There's nothing like it. It's why people love the long-running series of Casualty. And Final Destination 5? It's like watching the opening of Casualty on repeat for 90 minutes. And then some.
Some will be sick of the same-old formula in the franchise's fourth sequel. They're fools. The secret of Final Destination is that its set-up is so simple that any time spent on exposition can be replaced with something more worthwhile. Like even more horrifically drawn-out deaths.
And boy do those deaths know how to dead people. From an anatomically dubious gymnastics accident to a carefully positioned boat under a bridge, director Steven Quale takes a disturbing amount of pleasure from building up to each final blood-splattered dispatch. It's a blunt, messy full stop that gets applause from an audience every time.
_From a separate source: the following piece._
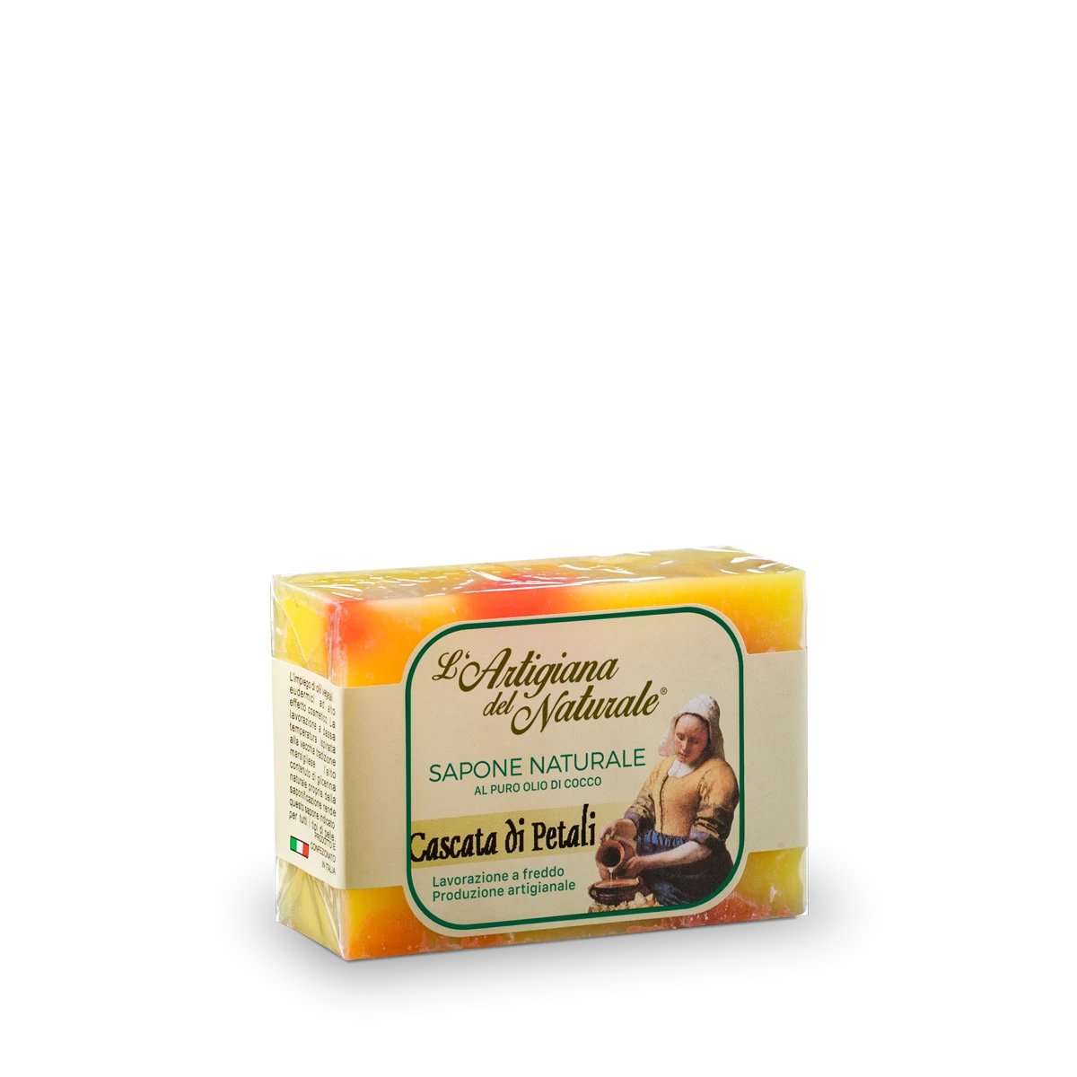 Sapone artigianale a base di olio di cocco dalla fragranza floreale.

Even the 3D is amusingly naff, particularly during the credits - 3D should only be allowed for Werner Herzog cave documentaries and Final Destination sequels.
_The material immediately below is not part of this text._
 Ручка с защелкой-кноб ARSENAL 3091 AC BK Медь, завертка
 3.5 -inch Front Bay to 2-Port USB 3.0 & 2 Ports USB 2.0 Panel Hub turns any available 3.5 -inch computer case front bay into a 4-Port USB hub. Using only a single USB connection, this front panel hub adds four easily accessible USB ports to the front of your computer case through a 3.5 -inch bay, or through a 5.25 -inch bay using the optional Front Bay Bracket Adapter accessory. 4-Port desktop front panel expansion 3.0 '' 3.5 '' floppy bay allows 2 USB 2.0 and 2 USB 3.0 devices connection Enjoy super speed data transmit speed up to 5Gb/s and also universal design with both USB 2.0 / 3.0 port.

Of course, there's no point reciting character names, but the cast is at least more familiar this time round - Emma Bell, Miles Fisher, and Nicholas D'Agosto acquit thenselves well, while David Koechner provides a fair amount of inappropriate comic relief. The ensemble isn't emotionally engaging but they all make for great meat bags.
What's striking is how clever Final Destination 5 is when playing with its bags of meat. Where the last film was trashy with its post-modern set piece in an exploding cinema, the self-aware streak here leads to a neat twist upon the original system. None of that life-beats-death malarkey from Final Destination 2. Here, death is death. And only that creepy black dude (Tony Todd) from the first film can tell you otherwise.
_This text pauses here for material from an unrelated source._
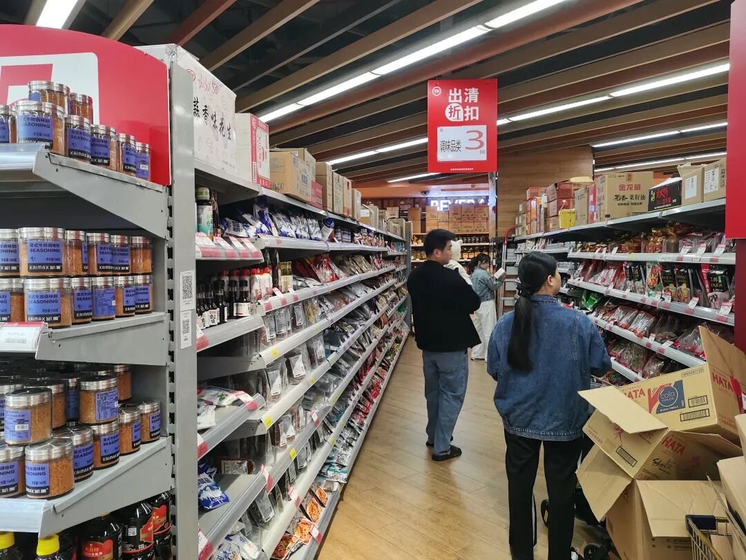 在调味区,“三折起”的红色促销牌悬挂在货柜上方,格外吸引目光。老抽、生抽、料酒等瓶装调味品整齐排列,鸡精、味精等干货类商品也满满当当,平日价格稳定的蚝油、豆瓣酱均贴上折扣标签。“趁现在便宜,把家里常用的调味都备足。”几位老街坊围在货架前,仔细比较不同品牌的酱油。

The result is a tense piece of drivel that relies not only upon the looming destruction for its suspense (one scene at an eye doctor's is excruciating) but also on the interaction between characters. It leads to a surprisingly mature (but satisfyingly dumb) final act and an inspired ending, which should please fans hoping for a more original form of popcorn fodder. For everyone else, there's always Casualty.
Final Destination 5 finds its form in a gory marriage of blood and brains. The best of the series? Yeah, go on then.